## What to produce
Would you print the lines below exactly, beginning at the line that has "A Gulfport Lions" and stopping after the line that has "Vooral voor het"? Only those lines, and no pictures.

## Stored data entries

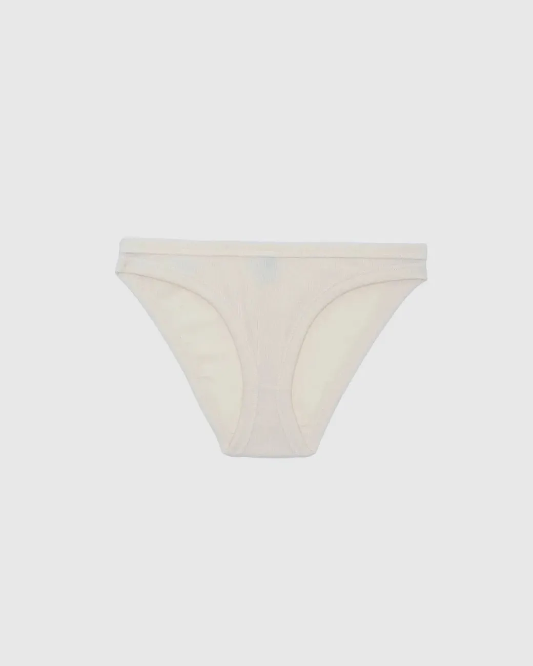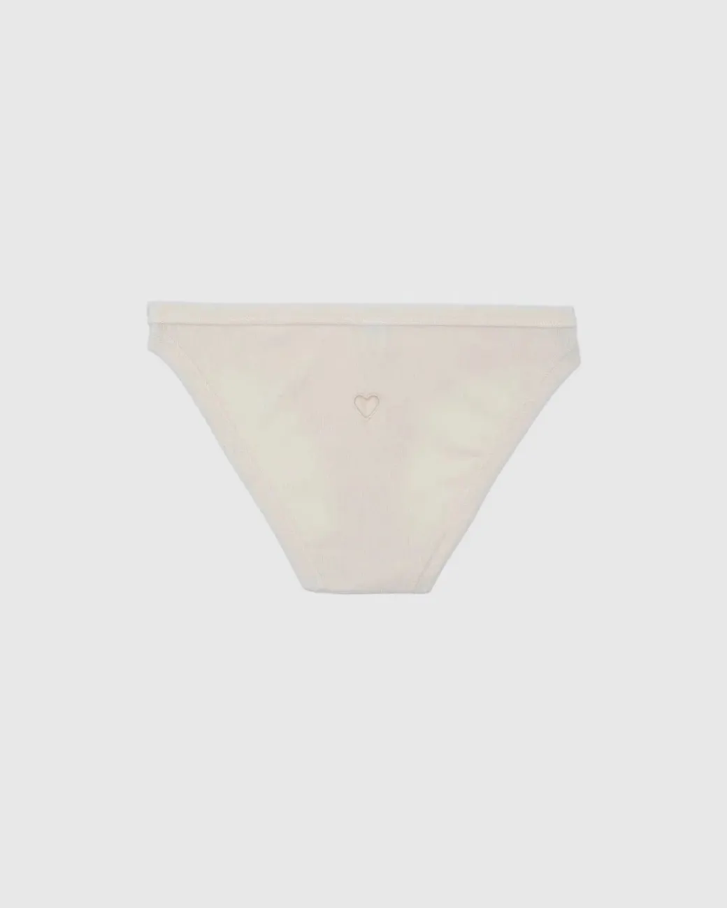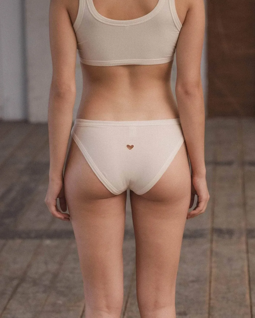Cotton rib briefs with elastic trim at the waist and leg. Heart cut out at the back.
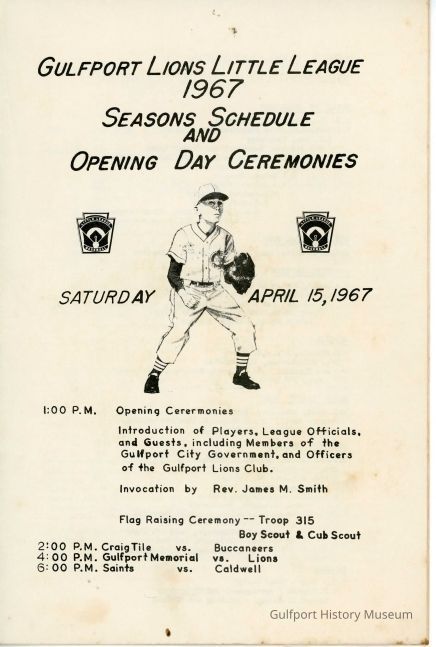 A Gulfport Lions Little League 1967 season schedule and opening day ceremonies program booklet.
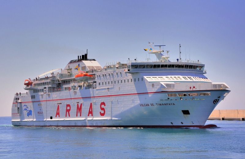El buque “Volcán de Timanfaya”, que es uno de los más antiguos de la flota, se desplazó desde el mar de Alborán para cubrir la baja del “Volcán de Tamasite”, accidentado el pasado 21 de abril cuando se empotró literalmente contra el espaldón del muelle Nelson Mandela en Las Palmas de Gran Canaria, debido a una avería eléctrica. Otro buque de la compañía, “Volcán de Tauce”, sigue en ASTICAN, más tiempo de lo inicialmente previsto, donde también se encuentra el buque accidentado. El averiado “Volcán de Timanfaya” será relevado esta tarde en la línea Las Palmas-Santa Cruz de Tenerife por el buque «Volcán de Tijarafe»
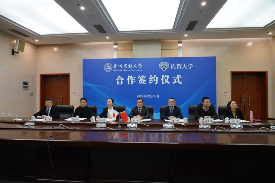 2022年12月19日,437必赢国际线路与日本佐贺大学举行交流合作签约仪式。佐贺大学校长儿玉浩明、副校长三岛伸雄,437必赢国际线路校长王林、副校长周杰以及437必赢国际线路、美术学院、国际交流与合作处等有关部门负责人出席。日本驻重庆总领事馆副总领事大熊雅昭、中国驻日本福冈总领事馆副领事辛颖、贵州省人民对外友好协会处长卢潇滢、佐贺县地域交流部国际课课长井崎和也作为嘉宾出席两校协议签署仪式并致辞。437必赢国际线路日语系李海、王育虹、黄景贤、何放、卢玫为合作仪式的签署提供了翻译准备等工作。
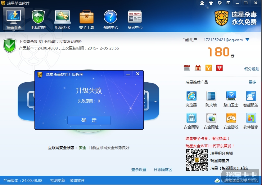 我的系统是win10专业版装了瑞星后有极个别的软件不能安装,不兼容,而且病毒库也不能升级,不过杀毒软件可以升级,希望工程师们可以帮我解决一下,谢谢!!!
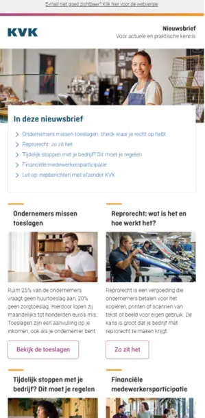 Vooral voor het meten van conversie is een professioneel e-mailbericht handig. Zo werft de Kamer van Koophandel via zijn nieuwsbrief inschrijvingen voor een online sessie over de Cyberbeveiligingswet of de online bijeenkomt over het starten van een eigen bedrijf. In een mooi Agenda-contentblok presenteert de KvK deze informatie.
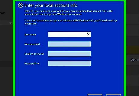 Enter your local account info. At this point, you can either enter the information associated with a current local account or create a new one. Type in your username and password (you’ll need to type the password twice to confirm it). You can also enter a password hint if you like. Click Next to continue.
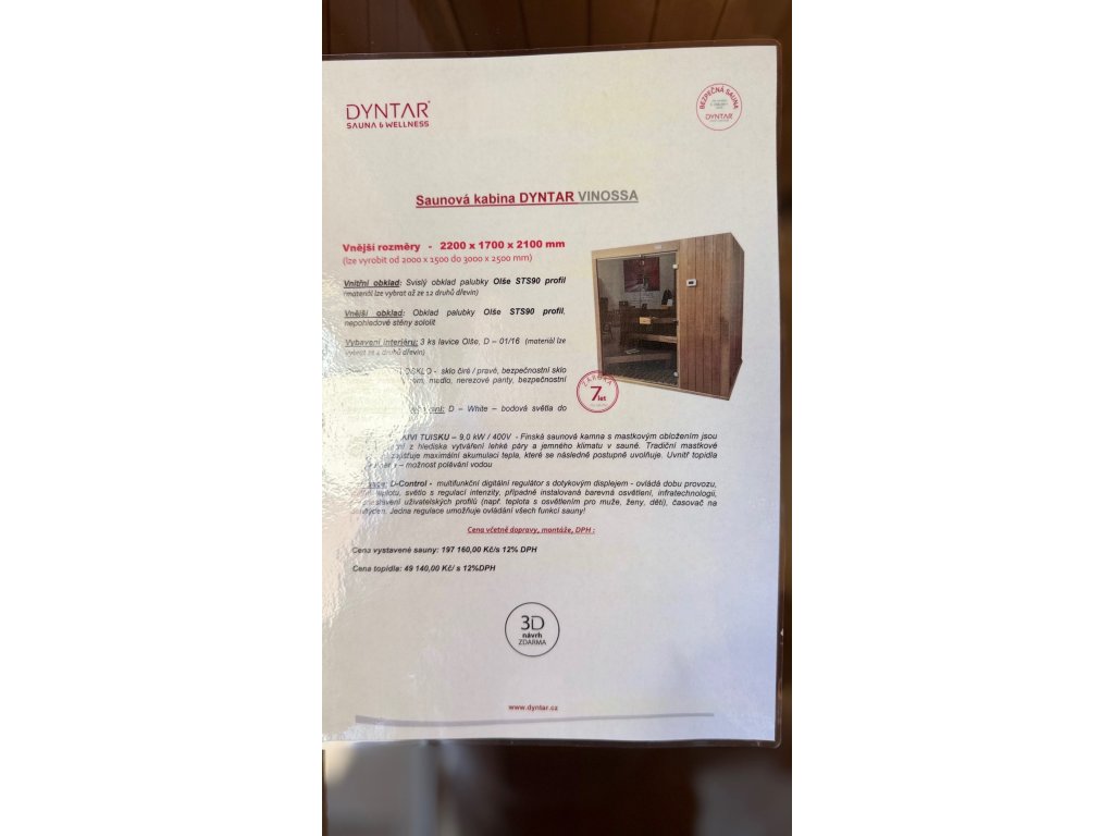 Cena vystavené sauny je 197.160 kč včetně montáže a dopravy a včetně 12% DPH.

## Exercise answer
 A Gulfport Lions Little League 1967 season schedule and opening day ceremonies program booklet.
El buque “Volcán de Timanfaya”, que es uno de los más antiguos de la flota, se desplazó desde el mar de Alborán para cubrir la baja del “Volcán de Tamasite”, accidentado el pasado 21 de abril cuando se empotró literalmente contra el espaldón del muelle Nelson Mandela en Las Palmas de Gran Canaria, debido a una avería eléctrica. Otro buque de la compañía, “Volcán de Tauce”, sigue en ASTICAN, más tiempo de lo inicialmente previsto, donde también se encuentra el buque accidentado. El averiado “Volcán de Timanfaya” será relevado esta tarde en la línea Las Palmas-Santa Cruz de Tenerife por el buque «Volcán de Tijarafe»
 2022年12月19日,437必赢国际线路与日本佐贺大学举行交流合作签约仪式。佐贺大学校长儿玉浩明、副校长三岛伸雄,437必赢国际线路校长王林、副校长周杰以及437必赢国际线路、美术学院、国际交流与合作处等有关部门负责人出席。日本驻重庆总领事馆副总领事大熊雅昭、中国驻日本福冈总领事馆副领事辛颖、贵州省人民对外友好协会处长卢潇滢、佐贺县地域交流部国际课课长井崎和也作为嘉宾出席两校协议签署仪式并致辞。437必赢国际线路日语系李海、王育虹、黄景贤、何放、卢玫为合作仪式的签署提供了翻译准备等工作。
 我的系统是win10专业版装了瑞星后有极个别的软件不能安装,不兼容,而且病毒库也不能升级,不过杀毒软件可以升级,希望工程师们可以帮我解决一下,谢谢!!!
 Vooral voor het meten van conversie is een professioneel e-mailbericht handig. Zo werft de Kamer van Koophandel via zijn nieuwsbrief inschrijvingen voor een online sessie over de Cyberbeveiligingswet of de online bijeenkomt over het starten van een eigen bedrijf. In een mooi Agenda-contentblok presenteert de KvK deze informatie.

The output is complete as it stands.